[Data Boundary: Start]
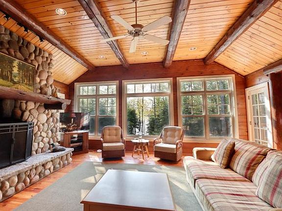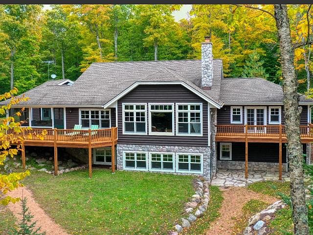 Don't cut your search short at the border! Beautiful, private wooded lakeside estate built to last the ages and is nestled on an exceptional 5+ acres with 350" frontage on Homan Lake. Homan Lake is a pristine, quiet, deep, jewel of a lake with million dollar estates & is located just north of WI/ MI border. Quality customized home built by Benson Builders in 2006. Main floor features cathedral ceilings, wood beams, saw cut Fir flooring & hand hewn trim, large living room, massive stone fireplace, Chef's kitchen open to dining area that flows to large lakeside screened porch, master suite with private lake balcony, guest bedroom/den, large foyers & laundry room. An abundance of warmth and natural light stream thru lakeside span of windows. Lower level walkout has 9ft. ceilings, large family room, massive stone fireplace and wet bar, lovely and private bedroom, 'bunk' room sleeps 8, exercise room, full bath and lakeside sauna with shower. Insulated and heated garage. See Doc Tab. 2084M
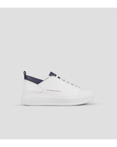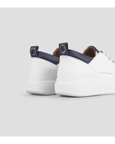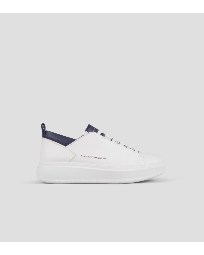 Sneakers uomo in pelle white blu Alexander Smith. Le Wembley rappresentano l'equilibrio tra comodità, stile e sobrietà, con dettagli unici che fanno la differenza. Plantare in pelle estraibile, fondo gomma 3cm + 1cm di soletta. Made in Italy.
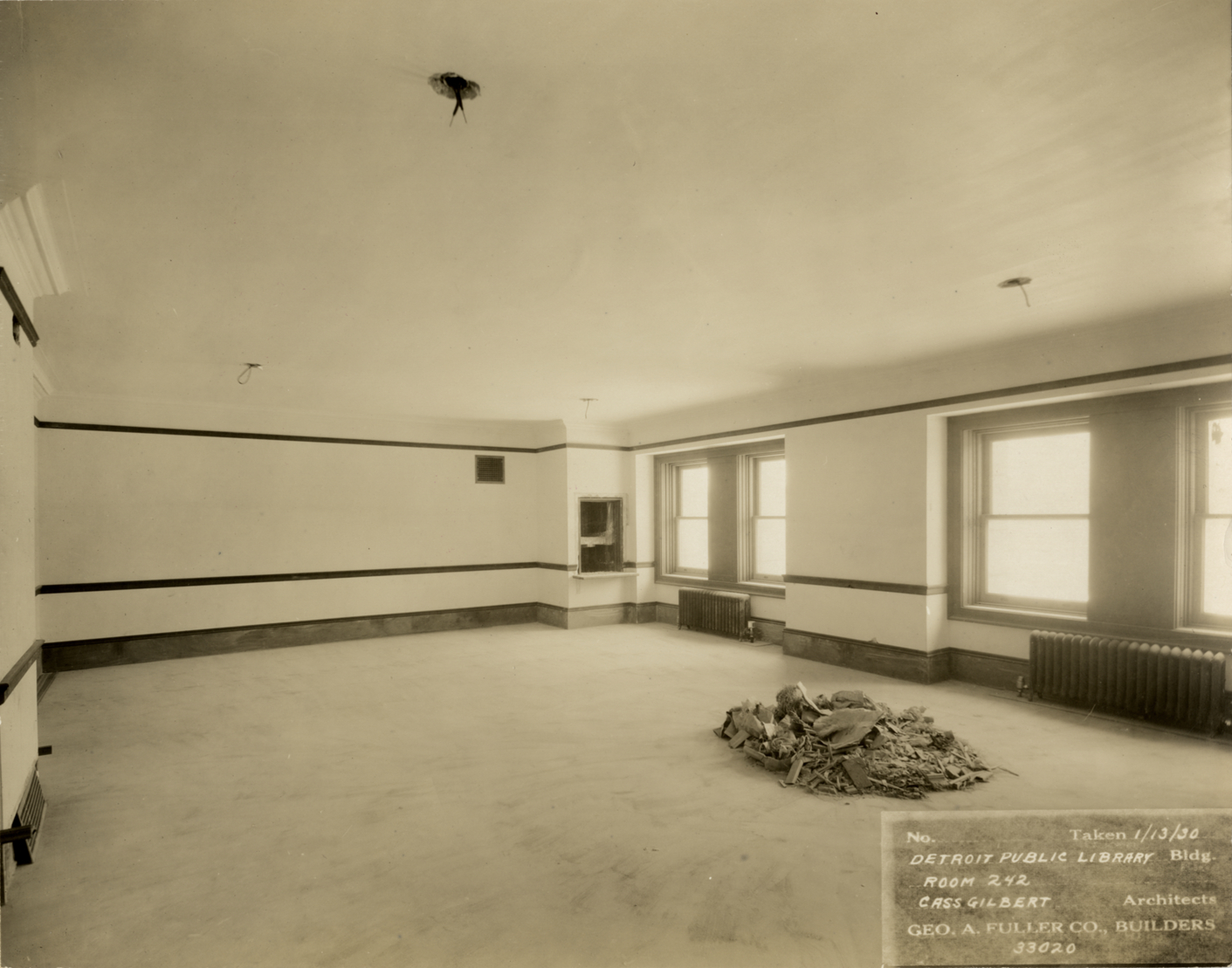 View of room 242, Main Library, Detroit Public Library during construction. Radiators under windows; some construction debris in center of room. Printed on front: "No. [blank]. Taken 1/13/30 [should be 1/13/20]. Detroit Public Library bldg., room 242. Cass Gilbert, architects. Geo. A. Fuller Co., builders, 33020." Stamped on back: "Manning Bros., commercial photographers, 504-505 Lincoln Building, corner State and Park Sts., Detroit, Mich."
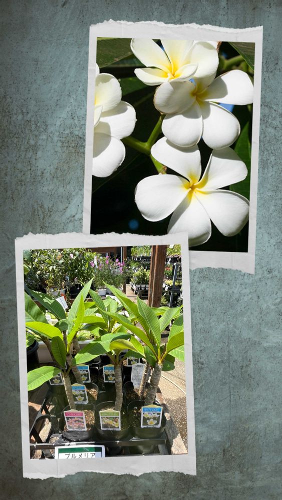 1枚目のプルメリアは今年6月頃、ホームセンターカンセキのお花売り場コーナーで撮影しました😆👍🌿🌸🌸 因みにプルメリアのお花はGoogleサイトからです😆👍 一緒にコラージュにしました😆👍✨🌸🌸🤍🤍💚💚
[Data Boundary: End]
Nothing but the pictures should be left out when the listing is repeated exactly.

Task result ->
 Don't cut your search short at the border! Beautiful, private wooded lakeside estate built to last the ages and is nestled on an exceptional 5+ acres with 350" frontage on Homan Lake. Homan Lake is a pristine, quiet, deep, jewel of a lake with million dollar estates & is located just north of WI/ MI border. Quality customized home built by Benson Builders in 2006. Main floor features cathedral ceilings, wood beams, saw cut Fir flooring & hand hewn trim, large living room, massive stone fireplace, Chef's kitchen open to dining area that flows to large lakeside screened porch, master suite with private lake balcony, guest bedroom/den, large foyers & laundry room. An abundance of warmth and natural light stream thru lakeside span of windows. Lower level walkout has 9ft. ceilings, large family room, massive stone fireplace and wet bar, lovely and private bedroom, 'bunk' room sleeps 8, exercise room, full bath and lakeside sauna with shower. Insulated and heated garage. See Doc Tab. 2084M
 Sneakers uomo in pelle white blu Alexander Smith. Le Wembley rappresentano l'equilibrio tra comodità, stile e sobrietà, con dettagli unici che fanno la differenza. Plantare in pelle estraibile, fondo gomma 3cm + 1cm di soletta. Made in Italy.
 View of room 242, Main Library, Detroit Public Library during construction. Radiators under windows; some construction debris in center of room. Printed on front: "No. [blank]. Taken 1/13/30 [should be 1/13/20]. Detroit Public Library bldg., room 242. Cass Gilbert, architects. Geo. A. Fuller Co., builders, 33020." Stamped on back: "Manning Bros., commercial photographers, 504-505 Lincoln Building, corner State and Park Sts., Detroit, Mich."
 1枚目のプルメリアは今年6月頃、ホームセンターカンセキのお花売り場コーナーで撮影しました😆👍🌿🌸🌸 因みにプルメリアのお花はGoogleサイトからです😆👍 一緒にコラージュにしました😆👍✨🌸🌸🤍🤍💚💚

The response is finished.